Answer
a) $(\dfrac{20}{3})^{o}C$
b) $( \dfrac{10}{3})^{o}C $
Work Step by Step
Given: $T(x,y)=60(1+x^{2}+y^{2})^{-1}$
a) Applying the chain rule, we have
$T_{x}(x,y)=-60(1+x^{2}+y^{2})^{-2}\cdot(2x)=\dfrac{-120x}{(1+x^{2}+y^{2})^{2}} \implies T_{x}(2, 1)= \dfrac{-(120)(2)}{(1+4+1)^{2}}=-\dfrac{20}{3}$
This implies that the temperature is decreasing at a rate of $(\dfrac{20}{3})^{o}C $ in the $x$-direction at the point $(2,1)$.

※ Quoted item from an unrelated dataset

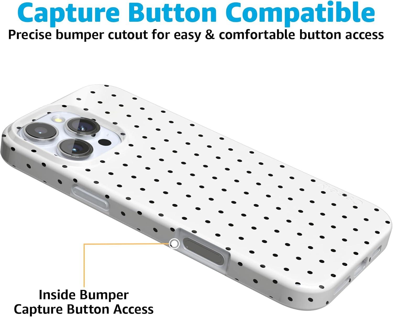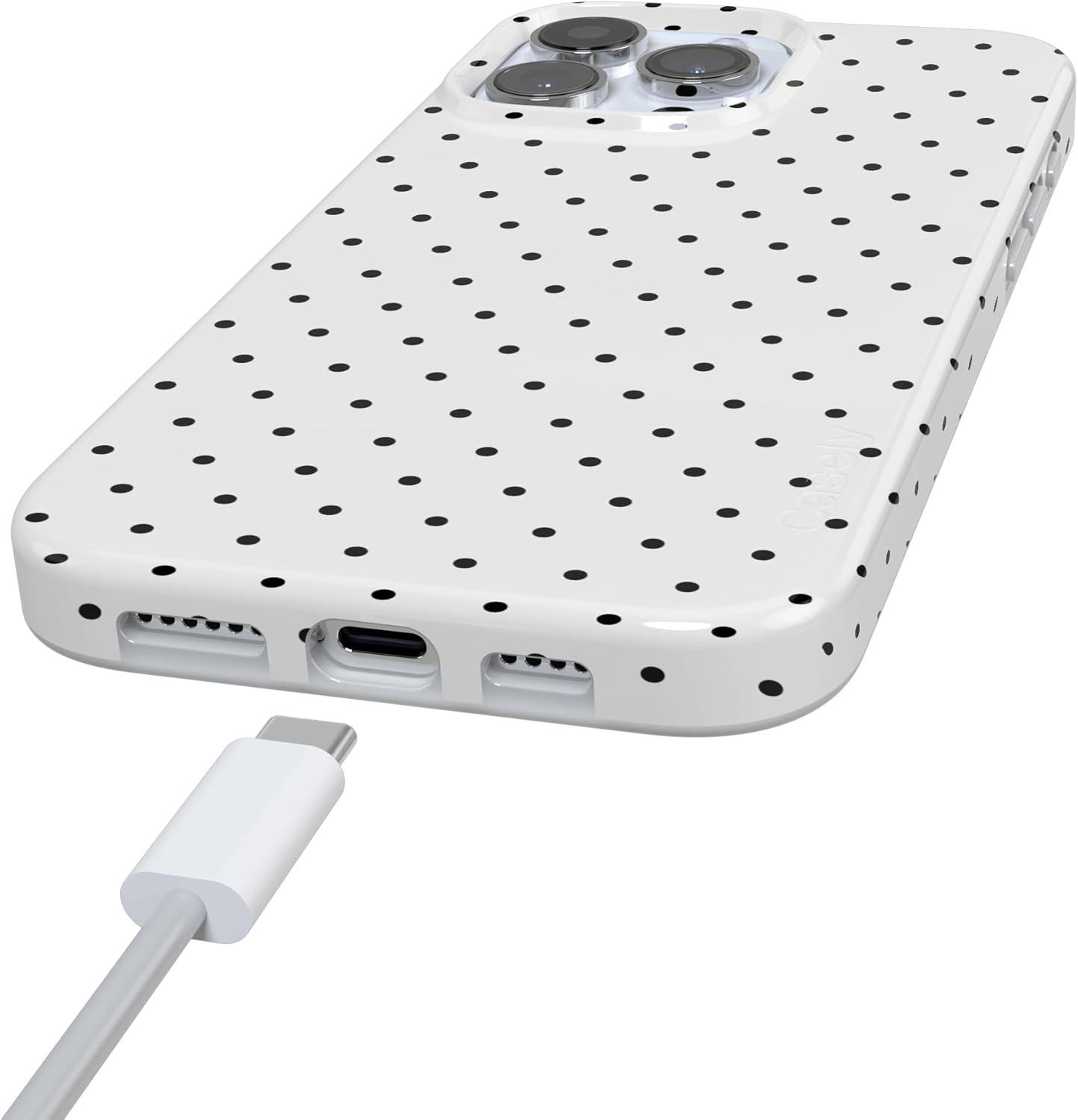 Casely iPhone 16 Pro Case | Moody Monochrome | Twilight Flora | Compatible with MagSafe | Classic Ultra Thin Design(On the Dot | White Polka Dot)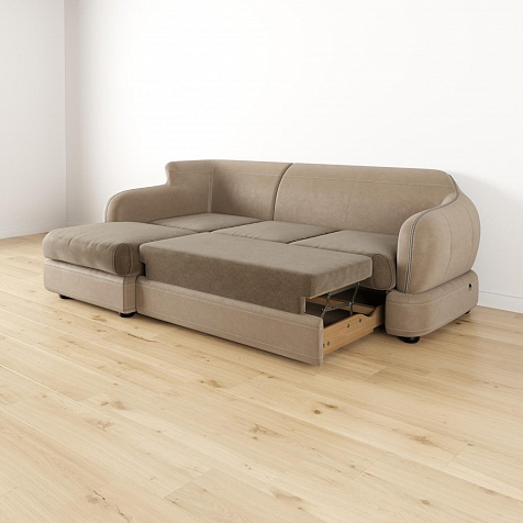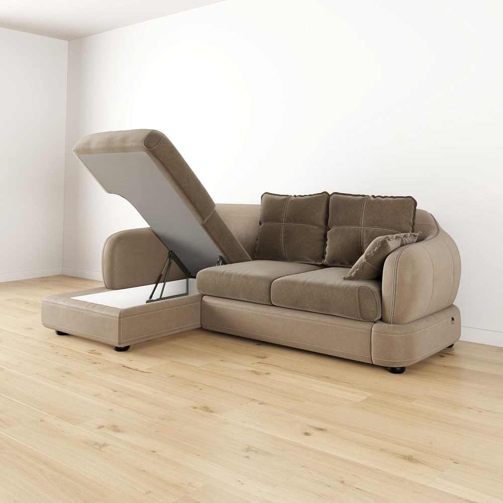 - Ящик для белья. В конструкции дивана предусмотрено вместительное отделение под подъемной угловой частью для хранения постельных принадлежностей.

b) $T_{y}(x,y)=-60(1+x^{2}+y^{2})^{-2} \cdot(2y)=\dfrac{-120y}{(1+x^{2}+y^{2})^{2}}
\implies T_{y}(2, 1)= \dfrac{-120}{36}=-\dfrac{10}{3}$
This implies that the temperature is decreasing at a rate of $( \dfrac{10}{3})^{o}C $ in the $y$-direction at the point $(2,1)$.